* Work instructions
What are the lines, word for word, from the line with "Funda de Cuero" up to and including the line with "Verify BJB (Battery" in the records below? Omit the pictures.

*** Supplied records Section Begins ***

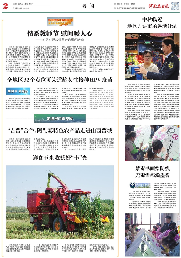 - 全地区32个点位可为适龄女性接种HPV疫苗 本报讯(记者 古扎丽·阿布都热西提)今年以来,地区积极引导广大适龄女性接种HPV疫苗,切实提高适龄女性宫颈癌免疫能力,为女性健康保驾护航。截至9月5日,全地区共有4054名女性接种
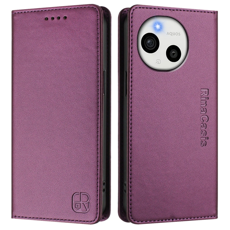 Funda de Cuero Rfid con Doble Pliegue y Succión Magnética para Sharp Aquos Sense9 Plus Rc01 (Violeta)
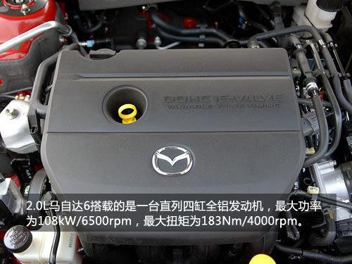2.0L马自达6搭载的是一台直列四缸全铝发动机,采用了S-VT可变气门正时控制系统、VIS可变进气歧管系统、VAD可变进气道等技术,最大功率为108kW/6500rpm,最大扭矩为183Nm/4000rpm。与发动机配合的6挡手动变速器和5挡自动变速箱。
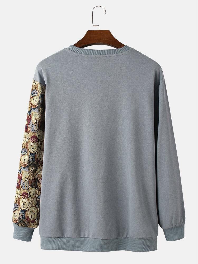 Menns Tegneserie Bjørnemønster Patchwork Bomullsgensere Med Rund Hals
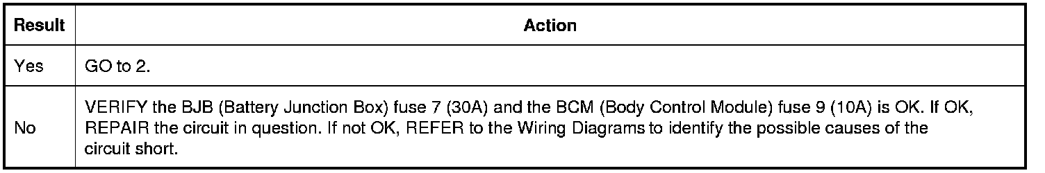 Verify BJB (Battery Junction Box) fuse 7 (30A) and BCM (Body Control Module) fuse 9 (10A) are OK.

*** Supplied records Section Ends ***
*** Supplied records Section Begins ***

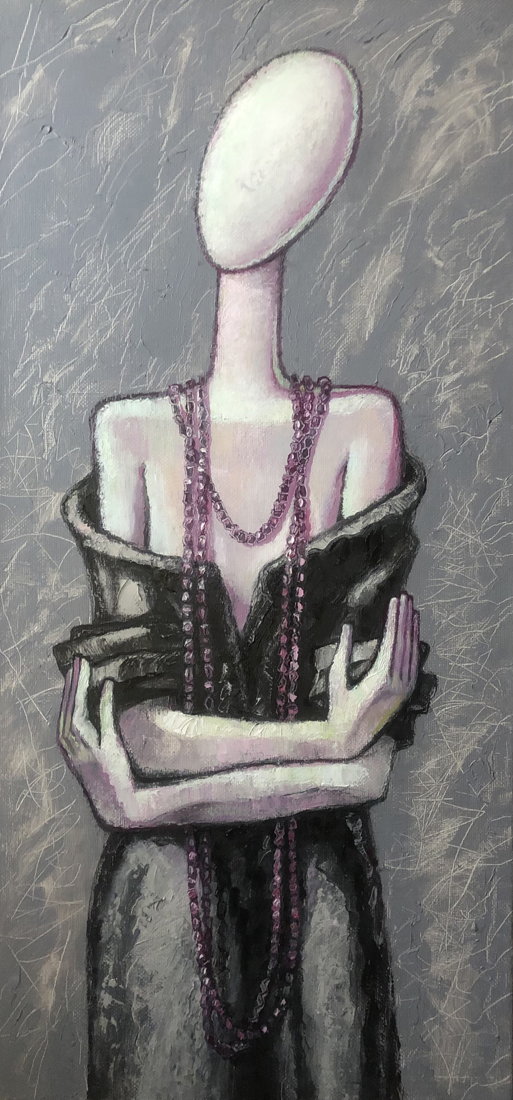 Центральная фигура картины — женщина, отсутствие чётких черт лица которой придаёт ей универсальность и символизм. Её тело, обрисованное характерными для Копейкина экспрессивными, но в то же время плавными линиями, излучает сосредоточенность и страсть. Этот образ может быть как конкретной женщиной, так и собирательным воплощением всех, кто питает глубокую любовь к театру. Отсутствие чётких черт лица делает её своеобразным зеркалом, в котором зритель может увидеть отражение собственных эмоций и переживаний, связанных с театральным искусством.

*** Supplied records Section Ends ***
*** Supplied records Section Begins ***

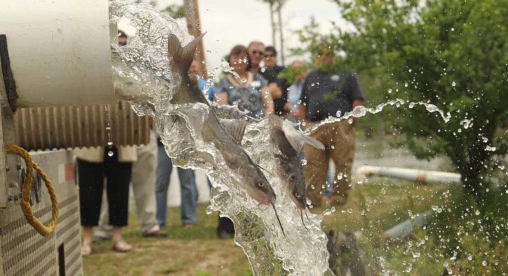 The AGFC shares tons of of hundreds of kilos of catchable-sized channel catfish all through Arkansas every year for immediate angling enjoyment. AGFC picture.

*** Supplied records Section Ends ***

* Solution for this task
 Funda de Cuero Rfid con Doble Pliegue y Succión Magnética para Sharp Aquos Sense9 Plus Rc01 (Violeta)
2.0L马自达6搭载的是一台直列四缸全铝发动机,采用了S-VT可变气门正时控制系统、VIS可变进气歧管系统、VAD可变进气道等技术,最大功率为108kW/6500rpm,最大扭矩为183Nm/4000rpm。与发动机配合的6挡手动变速器和5挡自动变速箱。
 Menns Tegneserie Bjørnemønster Patchwork Bomullsgensere Med Rund Hals
 Verify BJB (Battery Junction Box) fuse 7 (30A) and BCM (Body Control Module) fuse 9 (10A) are OK.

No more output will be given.